1. Background

The rapid identification and treatment of patients with ST-segment elevation myocardial infarction (STEMI) is a priority for emergency department providers. Occasionally conditions other than acute coronary syndrome can mimic the presence of ST-elevation on electrocardiogram (ECG), making the accurate identification of these patients challenging. We present a case in which severe metabolic derangements resulted in a characteristic STEMI pattern on ECG.

2. Case Report

A 26-year-old male with a history of intravenous drug use (IVDU) presented to the emergency department via Emergency Medical Services (EMS) in full spinal immobilization after being “found down” at home by a family member. As per the EMS report, the patient had fallen in the bathroom and lost consciousness. Upon waking, he felt short of breath with occasional chest pain. Further discussion with the patient in the absence of family members revealed that he had relapsed with intravenous drug use the night prior, injecting two bags of heroin and subsequently “passing out” on the bathroom floor. The patient estimated that he was unconscious for at least six hours. Pre-hospital providers performed a 12-lead ECG, which showed concern for acute septal STEMI. A pre-hospital STEMI alert was called and paramedics administered 324mg of aspirin.

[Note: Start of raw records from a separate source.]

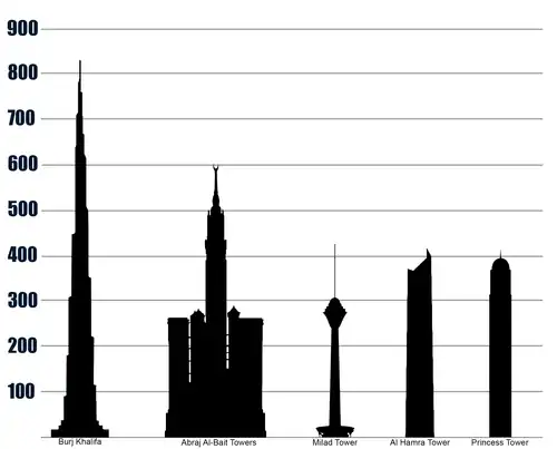 | 5 | Abraj al Bait Hajar Tower | Mekka | 265 m | 52 | 2012 |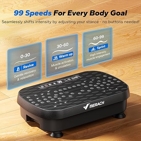 Thông tin sản phẩm MERACH Vibration Plate Exercise Machine for Weight Loss, Dual Massage, 99 Adjustable Speeds, Full Whole Body Workout Vibration Platform, Waver Vibration Plate for Home Fitness (Black)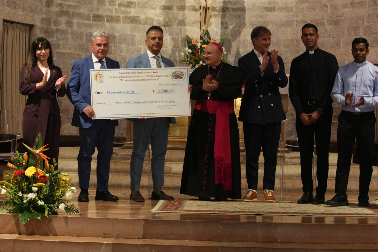 Sentito anche il ringraziamento del cardinale Filipe Neri António Sebastião do Rosário Ferrão, arcivescovo di Goa e Daman e settimo Patriarca delle Indie Orientali, che ha mandato un messaggio nel quale esprime la sua felicità per il premio che rende “possibile un progetto, nato nella mente dei giovani, che crea un nuovo modello di economia: come ci esortava il nostro caro papa Francesco, una ‘economia diversa, quella che fa vivere e non uccide, include e non esclude, umanizza e non disumanizza, si prende cura del creato e non lo depreda’. Adesso, riflettendo anche le parole del papa Leone XIV, andiamo avanti insieme, la diocesi di Assisi e di Goa in India, ‘uniti, mano nella mano con Dio e tra di noi’”.

On arrival to the emergency department, the patient was alert, awake, and oriented. He complained of chest pain and shortness of breath as well as pain and weakness in his left upper and lower extremities. Vital signs recorded on arrival demonstrated tachycardia with a heart rate of 108 beats per minute, hypotension with blood pressure of 87/54 mmHg, respirations of 16 breaths per minute, and pulse oximetry of 93%. Physical exam was significant for facial bruising and abrasions as well as minimal tenderness and swelling of the patient’s left wrist. The patient moved all extremities equally and had no motor or sensory deficits. He had no abdominal or chest wall tenderness as well as no spinous process tenderness. A 12-lead ECG was performed on ED arrival, which revealed septal and lateral ST elevations with reciprocal depressions (Figure 1). Although the cardiac catheterization lab was activated for primary percutaneous intervention (PCI) based on the pre-hospital ECG findings, the patient underwent computed tomography (CT) scanning of the head and cervical spine prior to catheterization in order to evaluate for traumatic injuries given his fall and complaints of extremity weakness. The interventional cardiology team was in agreement.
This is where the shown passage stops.